After several repetitions of this process, the subjects were asked to recreate the pattern by themselves without the help of the visual stimulus and without any knowledge of what the target pattern was based on.

“We conducted this induction training in 10 days. At the beginning, of course, the subjects had no idea about how to do it. But, to my surprise, they gradually built up their own way to make the similarity between their activation pattern and the target pattern larger,” Shibata said. “I had not imagined that humans could achieve such a feat!”

Before and after this training, the subject’s performance was measured in the Grating Stimulus Discrimination Task and was analyzed for how it had changed.

LEARNING THROUGH VISION

The researchers discovered that the subjects’ discrimination performance significantly improved in generating the target orientation. “The result indicated that repeated induction of a particular activation pattern leads to plasticity in the visual cortex, concluding that it is possible for the brain to learn skills through this repetitious “feedback,” thus validating the hypothesis that visual perceptual learning can occur within the human brain.

Another interesting discovery was that the “subject’s discrimination performance improved without awareness of the corresponding target stimulus,” meaning that the person’s skills improved without consciously acting on or thinking about it.

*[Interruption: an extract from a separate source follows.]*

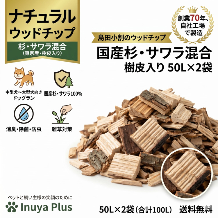 ●島田小割のウッドチップは、ヒノキやスギなど原木を加工して作られているため、ペットのおしっこなどがかかっても、ウッドチップがおしっこを吸収、さらに木から出る香りの成分が雑菌の繁殖を防ぐことで、臭いを防ぎます。また、ダニの発生、繁殖を防ぎます。

BU students had differing opinions about this research project at BU.

“Our generation is too focused on technology,” said Tiegan Hatch, a senior in the College of Arts and Sciences. “Although it has allowed us to move to places we never imagined, it also stunts us in other ways. Learning something without physical effort allows humans to be rewarded for wanting instant gratification. Society is too distracted with no effort ideals.

“Slogans like, ‘Lose 10 pounds in one week without hitting the gym!’ have brainwashed us to think that we can get whatever we want with little effort. We lose track of what’s really important and that’s the experience.

“You cannot install an experience into someone scientifically. That’s destroying the definition of the word ‘experience.’ It makes it sound less human and I personally do not want to be treated like a computer.”

Anisha Vinod, a sophomore in CAS, said she disagreed with Hatch.

“If we close our minds to new research and ability, we are killing progress,” she said. “The purpose of research and technology is to revolutionize the human experience. This is all science fiction thinking to assume it would turn us into some sort of robot society.

“This research could, instead, open our minds to what we are capable of and expand the amount of energy and intellect we use. Just because it is scientifically founded doesn’t mean that it is anti-human at all. Historically speaking, humans have been able to adapt and grow when society and implemented new ways of communicating, etc.”

Despite speculative controversy, the researchers say decnef will be used “as an important method for neuroscientific research and as a technical application to try and find new treatment methods for diseases that currently have no efficient cures.”